Start of TASK MATERIAL

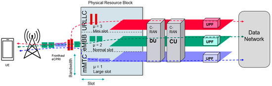 Network slicing aims to provide customised communication services for different usage scenarios. For example, one slice can be reserved for high-speed data transfer, while another slice can be reserved for applications that require low latency. With network slicing, service providers can flexibly and quickly deploy their applications and services to meet the specific requirements of different services [13]. Partitioning a single physical network into different logical networks, customised according to different unique requirements, has emerged as a promising approach to meet such diverse requirements in a sustainable manner [14]. Figure 1 shows the 5G architecture by end-to-end network slices, including the physical layer.
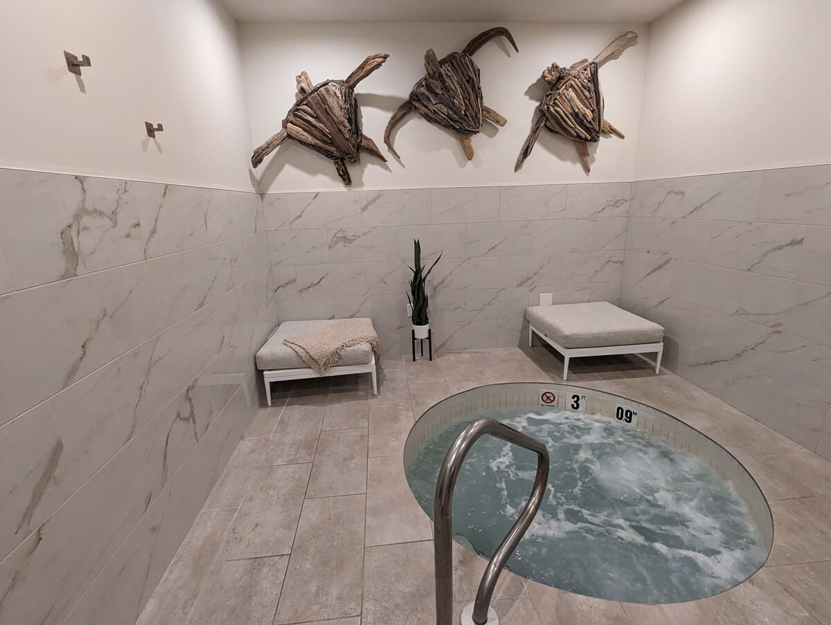 Spa amenities include a free mimosa, a relaxation room with a hot tub and comfy chairs, robes and sandals, and locker rooms with showers and everything you need to get ready after your treatment.
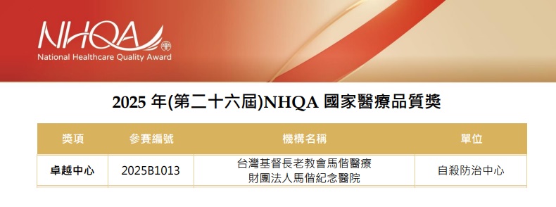 「自殺防治中心」獲國家醫療品質獎系統類【卓越中心】肯定!
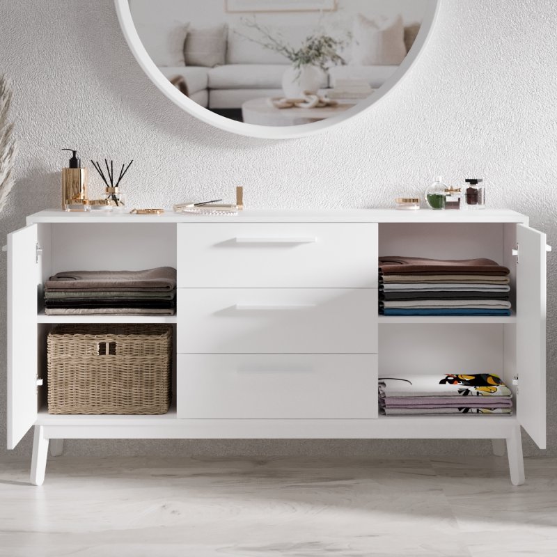 Комод “Остин 2” - стильный и удобный предмет мебели. Он не требователен в размещении и в нём достаточно места для хранения объемных вещей. Модель выполнена из высококачественного ЛДСП, а ножки - из натурального дерева - массива берёзы. Габаритные размеры изделия позволяют хранить большое количество одежды, а высота ножек удобна для уборки, как пылесосом, так и влажного типа. Размеры комода составляют (В/Ш/Г): 750×1400×400 мм.
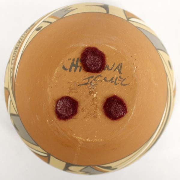 Massey Estate: Native American Jemez Polychrome Pottery Jar by Chinana, measures 4.5''H x 4.5''D and is signed by the artist
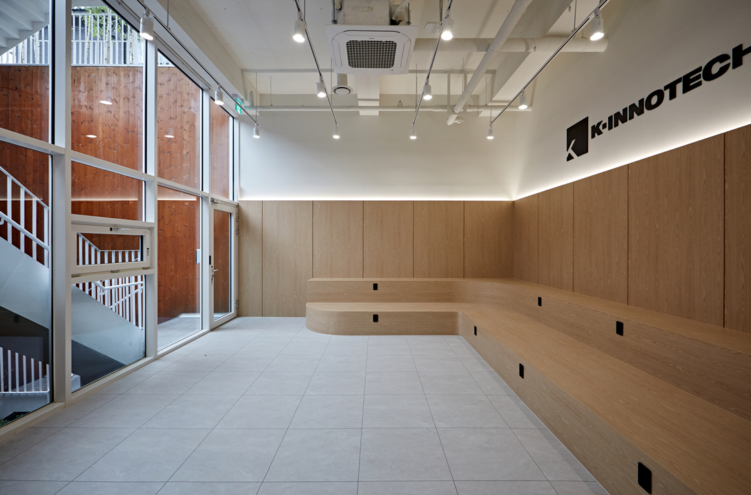 휴게공간은 직원들이 자유롭게 쉴 수 있는 공간으로, 우드 색상으로 연출하고 자연광이 가득 들어오는 창가 공간에는 바 테이블과 스툴을 배치해 아늑한 분위기를 연출하였습니다. 간단한 커피와 음료를 즐길 수 있는 미니 키친 공간도 마련하여 복지 기능을 강화했습니다.
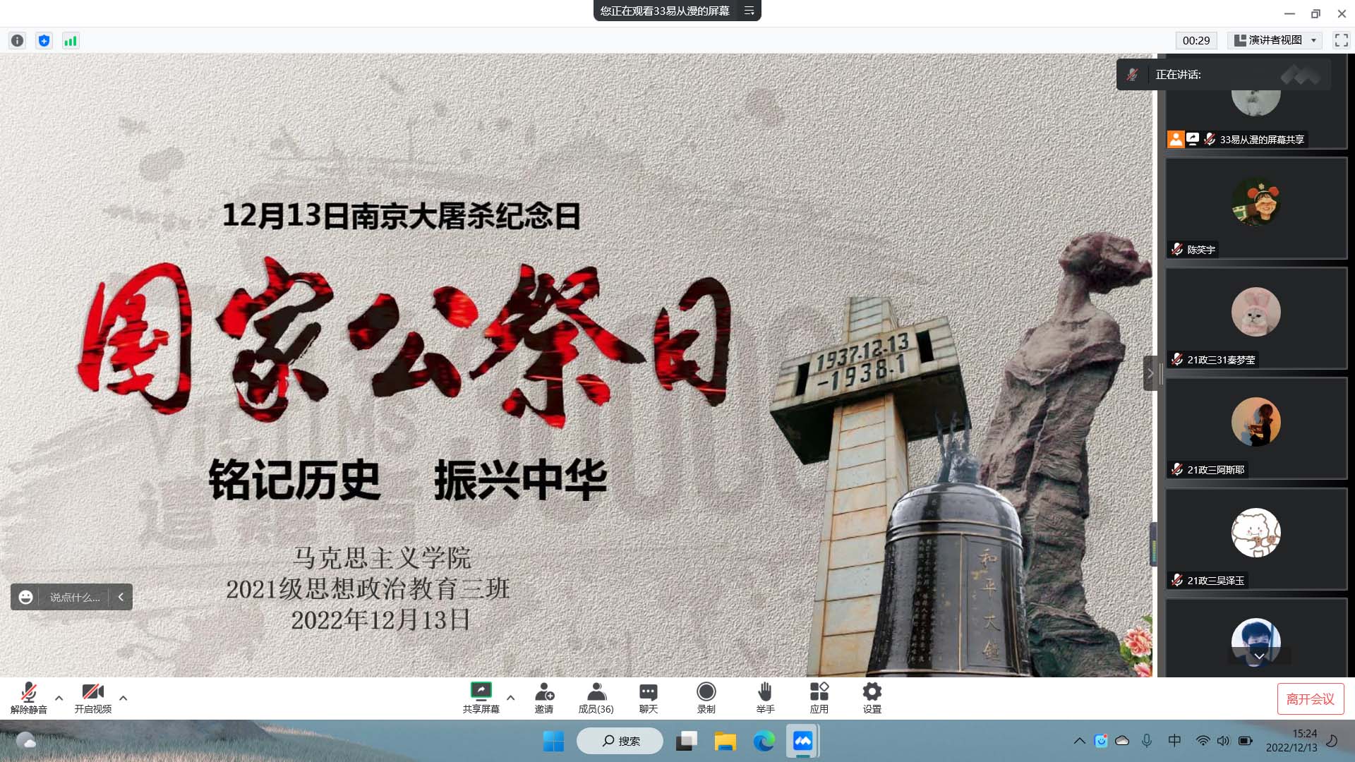 12月13日下午,2021级思想政治教育三班在线上召开“铭记历史,振兴中华”主题班会。2021级思想政治教育三班全体成员参与此次会议。会议由班长易从漫主持。

End of TASK MATERIAL

● YOUR OBJECTIVE
With pictures excluded, reproduce exactly the lines above from the one containing "(В/Ш/Г): 750×1400×400 мм." down to the one containing "Massey Estate: Native", those two included.

● RESULT FOR THIS TASK
 Комод “Остин 2” - стильный и удобный предмет мебели. Он не требователен в размещении и в нём достаточно места для хранения объемных вещей. Модель выполнена из высококачественного ЛДСП, а ножки - из натурального дерева - массива берёзы. Габаритные размеры изделия позволяют хранить большое количество одежды, а высота ножек удобна для уборки, как пылесосом, так и влажного типа. Размеры комода составляют (В/Ш/Г): 750×1400×400 мм.
 Massey Estate: Native American Jemez Polychrome Pottery Jar by Chinana, measures 4.5''H x 4.5''D and is signed by the artist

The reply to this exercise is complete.